Abstract
Experiments and models in perceptual decision-making point to a key role of an integration process that accumulates sensory evidence over time. We endow a probabilistic agent comprising several such integrators with widely spread time scales and let it learn, by trial-and-error, to weight the different filtered versions of a noisy signal. The agent discovers a strategy markedly different from the literature “standard”, according to which a decision made when the accumulated evidence hits a predetermined threshold. The agent instead decides during fleeting windows corresponding to the alignment of many integrators, akin to a majority vote. This strategy presents three distinguishing signatures. 1) Signal neutrality: a marked insensitivity to the signal coherence in the interval preceding the decision, as also observed in experiments. 2) Scalar property: the mean of the response times varies glaringly for different signal coherences, yet the shape of the distribution stays largely unchanged. 3) Collapsing boundaries: the agent learns to behave as if subject to a non-monotonic urgency signal, reminiscent in shape of the theoretically optimal. These three characteristics, which emerge from the interaction of a multi-scale learning agent with a highly volatile environment, are hallmarks, we argue, of an optimal decision strategy in challenging situations. As such, the present results may shed light on general information-processing principles leveraged by the brain itself.

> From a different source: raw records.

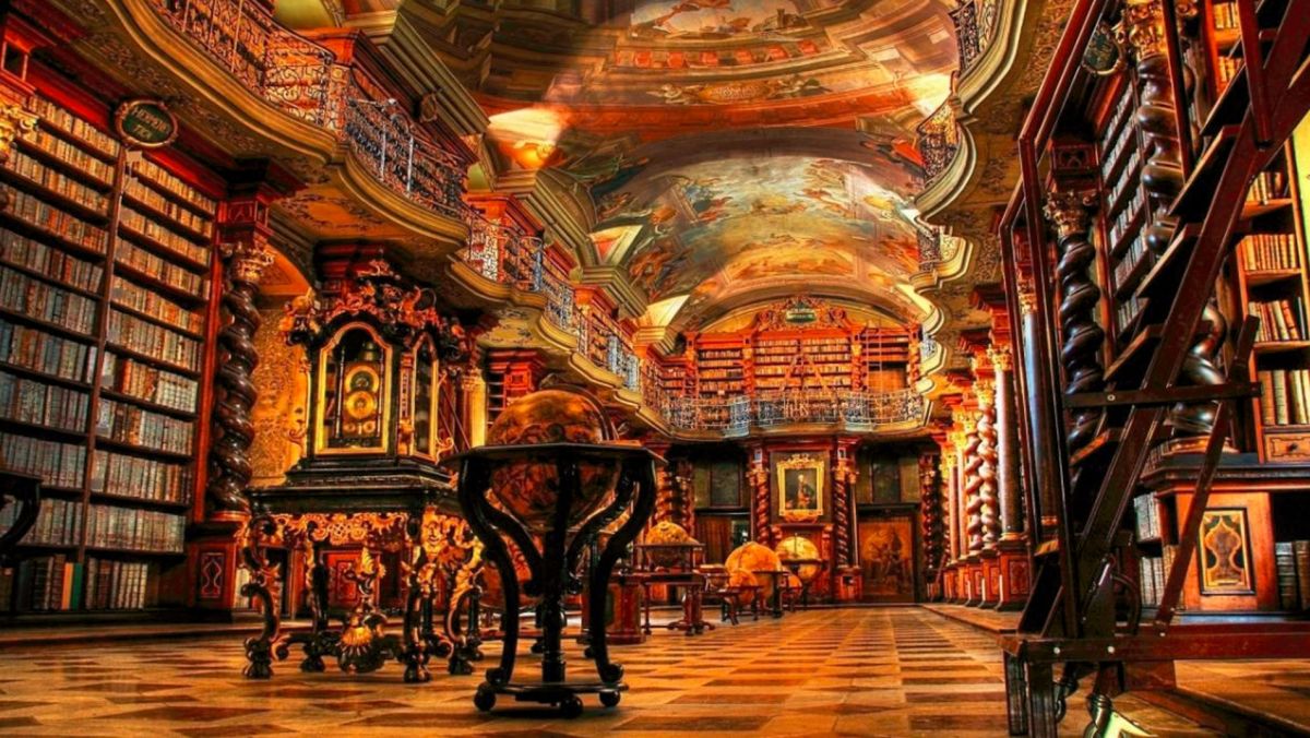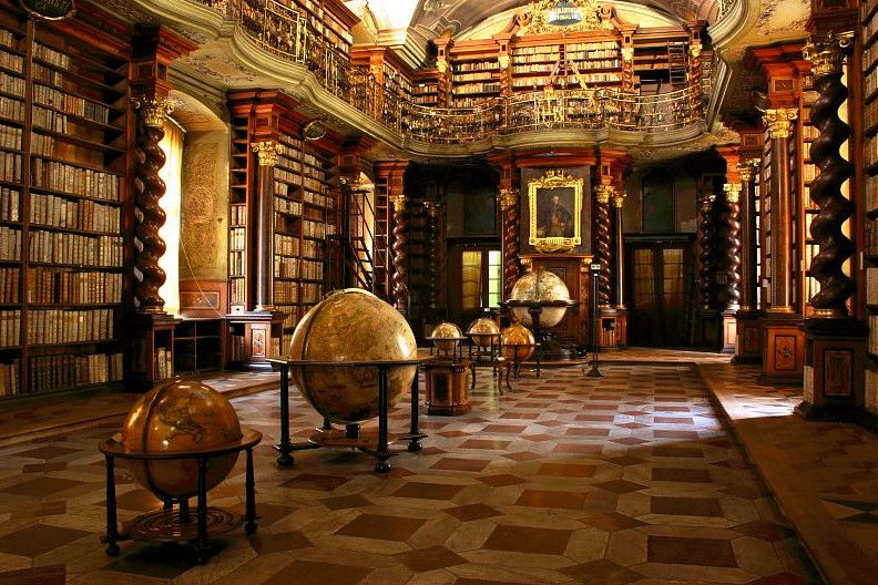 Библиотека в стиле барокко украшена прекрасными фресками на тему Науки и Искусства, а изображения на куполе представляют Храм Мудрости. Здесь хранятся сотни тысяч ценнейших книг по теологии, а центр зала украшают огромные исторические глобусы.
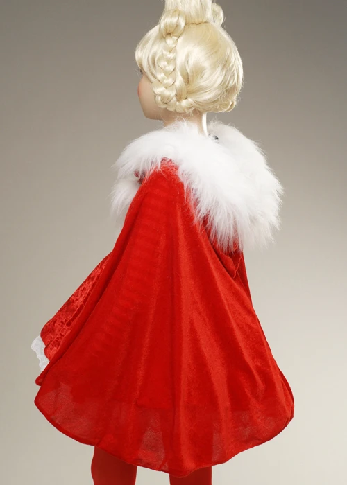 A girls size accesory for a Dr Seuss inspired Christmas outfit, this Cindy Lou style cape is made of red velour fabric and features a plush white fake fur trim. One childrens size.
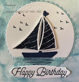 Today I have another card to share with you using the Let’s Set Sail Bundle, which I shared this week on my Facebook Live. I attached a piece of Simply Marbleous 6″ x 6″ Designer Series Paper to Night of Navy card and then scored and folded Balmy Blue card. I cut a circle from Basic White card using the Layering Circle Dies and stamped the sea image from the Let’s Set Sail stamp set across the bottom of the circle. I used the Sailboat Builder Punch to punch the ship and mast from Night of Navy card before attaching it to the stamped circle.
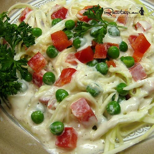 This is one amazing recipe. I subbed soaked cashews for the pine nuts. I never like SAD alfredo but sure loved this. I made it will marinated mushrooms once instead of peas and peppers, but the peas and peppers are better i think.
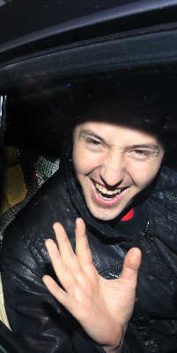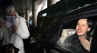 昨日下午从2点多开始,机场大厅就陆续出现前来接机的歌迷。数十名铁杆粉丝装备齐全,有的手捧鲜花,有的拉开写着俄语“欢迎回家”字样的横幅。15点56分飞机抵达机场,数分钟内,Vitas就飞速地从出口走出,黑夹克黑裤子的他虽然衣着低调,还是被眼尖的歌迷认出,接着机场大厅迅速充斥着呼喊Vitas名字的尖叫声。眼见歌迷的热情,Vitas友善地用中文回应大家:“我爱你们!”短短四个字令歌迷更加疯狂。有人甚至冲破层层障碍冲到Vitas身边,把鲜花送予其手中,献花成功的该歌迷立刻引来其他人的羡慕眼光。Vitas行色匆匆地走至停车场,露脸不过短短几分钟后,钻进了黑色宝马车内。临走前,他一个转身,朝刚才护驾的歌迷送出一个飞吻。
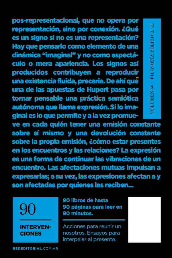 Este libro ensaya dos tesis simultáneas: las imágenes contemporáneas no son representaciones, y tienen una dinámica de dominación. Hupert propone pensar “signos imaginales” como datos y “metadata” producidos por el afán de existir… es decir, existir para los demás. No sólo la existencia, también la producción de subjetividad y objetividad se realiza con signos, y esos signos hoy –tiempos fluidos– son imágenes (publicitarias o mediáticas o de redes sociales que hacen ser a algo o a alguien). Este libro busca hacer pensable la cesura que divide una semiosis sólida o representacional de una semiosis fluida o pos-representacional, que no opera…
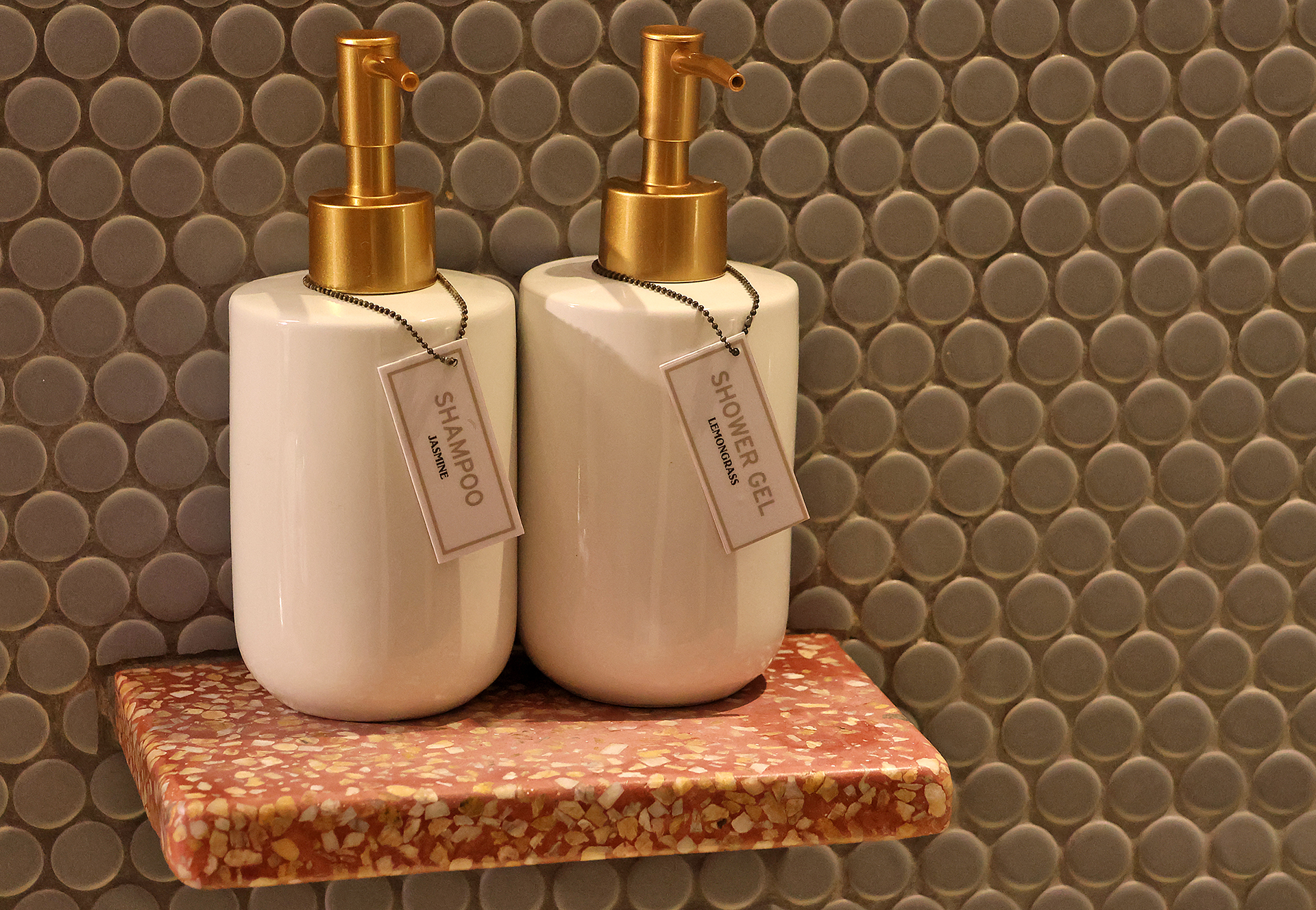 Jasmine shampoo and lemongrass shower gel were provided in the shower stall.
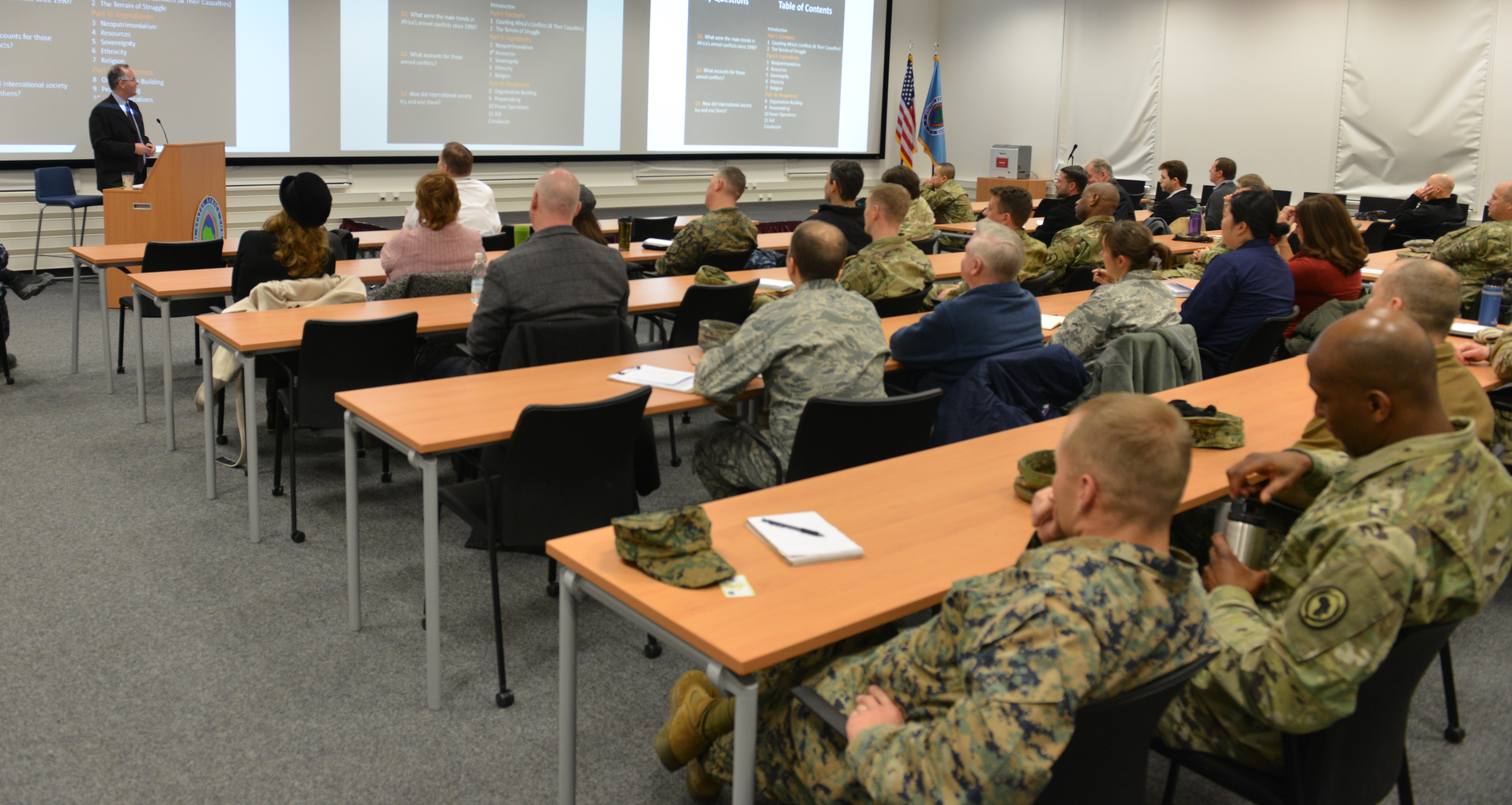 At the invitation of U.S. Amb. Donald Koran, who currently serves as the vice director, Strategy, Plans, and Programs (J5) at U.S. AFRICOM, and former U.S. ambassador to Rwanda, Williams presented his conclusions and shared his perspectives regarding the factors that resulted in the increase of war and conflict on the African continent and how they could be mitigated to reduce the trend.

Author summary The rate of integration of sensory information prior to a decision-making process needs to be versatile and adaptable to different situations. While driving can require quick reactions, evaluating the authenticity of a painting can require long observations, and consequently the concept of representations over multiple timescales appears necessary from an intuitive perspective. Nevertheless, there is a lack of theoretical research that exploits multiple timescales, despite the presence of a variety of integration rates have been experimentally observed. In the following work, we developed a decision-making model based on integrators with multiple characteristic times and analysed its behaviour on a highly volatile and biologically relevant task. Through trial and error and reward maximisation, the model discovers an effective strategy that is surprisingly different and more robust in comparison to the more “classical”, single time-scale approach. More importantly, the strategy learnt exhibits remarkable agreement with experimental findings, suggesting a fundamental role of multiple timescales for decision-making. Our model, despite being abstract, achieves a good degree of biological realism and perform robustly in different environments.
Competing Interest Statement
The authors have declared no competing interest.